Warm Word: Israeli envoy Michael Oren described the lobby as ?much more in the mainstream.? Image by Getty Images
The Israeli ambassador to Washington says his dispute with J Street is close to resolution and that the group was “much more in the mainstream.”
Michael Oren stirred controversy last summer when he declined to attend the inaugural conference of the dovish pro-Israel lobby, and again late last year when he told a group of rabbis that J Street’s policies endangered Israel.
In an interview the week of February 8 with the Los Angeles Jewish Journal, Oren said, “the J Street controversy has come a long way toward resolving. The major concern with J Street was their position on security issues, not the peace process.”

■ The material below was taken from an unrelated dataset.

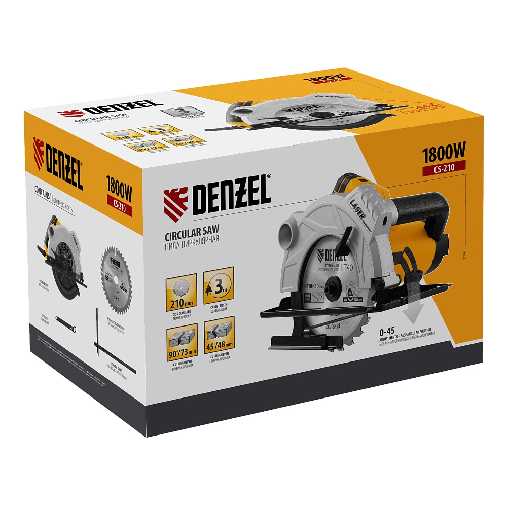 <p>Циркулярная пила Denzel CS-210 27305 — мощная и производительная, имеет максимальную глубину реза в линейке Denzel CS — 73 мм, что обеспечивает эффективную работу с досками, фанерой, ДСП и другими листовыми древесными материалами.,Справляться с поставленными задачами помогают коллекторный двигатель мощностью 1,8 кВт, который обеспечивает частоту вращения 5000 об/мин, и пильный диск 210 х 3 мм. Глубина пропила регулируется до 73 мм, что позволяет работать с материалами разной толщины.</p><h2>Преимущества</h2><ul><li>Широкий спектр работ — при применении специальной оснастки пила может использоваться для реза тонкого мягкого металла, пластика и ламинированных материалов.</li><li>Высокая точность — лазерный указатель, показывающий линию предстоящего среза, и стальная параллельная направляющая помогают осуществлять ровные прямые пропилы без дополнительной разметки.</li><li>Оптимальное положение пильного диска — регулировочный винт позволяет точно настроить угол наклона в диапазоне 0-45 градусов.</li><li>Защита от случайного пуска — блокировка кнопки включения позволяет избежать внезапного запуска пилы, что делает работу с инструментом более безопасной.</li><li>Индикатор подключения к сети — световое обозначение позволяет определить готовность двигателя к запуску.</li><li>Эффективная система удаления опилок — к пиле можно подключить пылесос или пылесборник, чтобы сохранить рабочую площадку в чистоте.</li><li>Безопасность — подвижный защитный кожух закрывает верхнюю часть пильного диска и исключает контакт с лезвием</li><li> после отключения пилы кожух полностью изолирует диск от внешних воздействий.</li><li>Дополнительная рукоятка — инструмент удобно удерживать второй рукой, что минимизирует риск соприкосновения с пильным диском.</li><li>Быстрая смена оснастки — с помощью кнопки блокировки шпинделя и ручки отвода защитного кожуха даже начинающий мастер сможет без труда заменить пильный диск.</li><li>Оптимальная длина сетевого кабеля 3 м — такое решение обеспечивает расширенную рабочую зону. </li><li>Небольшой вес 5,5 кг — мастеру гораздо проще вести инструмент при распиле, он обеспечивает устойчивый и ровный ход.</li><li>Гарантия 3 года — высокое качество пилы Denzel подтверждено производителем.</li></ul>

He cited J Street’s support in December for the Iran sanctions bill advanced by Rep. Howard Berman, Democrat of California, the chairman of the House Foreign Affairs Committee, and its call on the United Nations not to be one-sided in its handling of the Goldstone commission’s allegations of Israeli war crimes during Operation Cast Lead in early 2009.
“J Street has now come and supported Congressman [Howard] Berman’s Iran sanction bill; it has condemned the Goldstone report; it has denounced the British court’s decision to try Tzipi Livni for war crimes, which puts J Street much more into the mainstream,” he said.
J Street always backed the Berman bill; its shift in December was to support its immediate passage, as opposed to keeping it in reserve as leverage toward getting Iran to make its nuclear program more transparent.
On Goldstone, J Street has not directly attacked the report, calling on the United Nations to avoid one-sidedness in how it handles the report, as well as on Israel to independently investigate its conduct in the Gaza war.
J Street has called for an end to personal attacks on Richard Goldstone, the South African jurist who led the commission.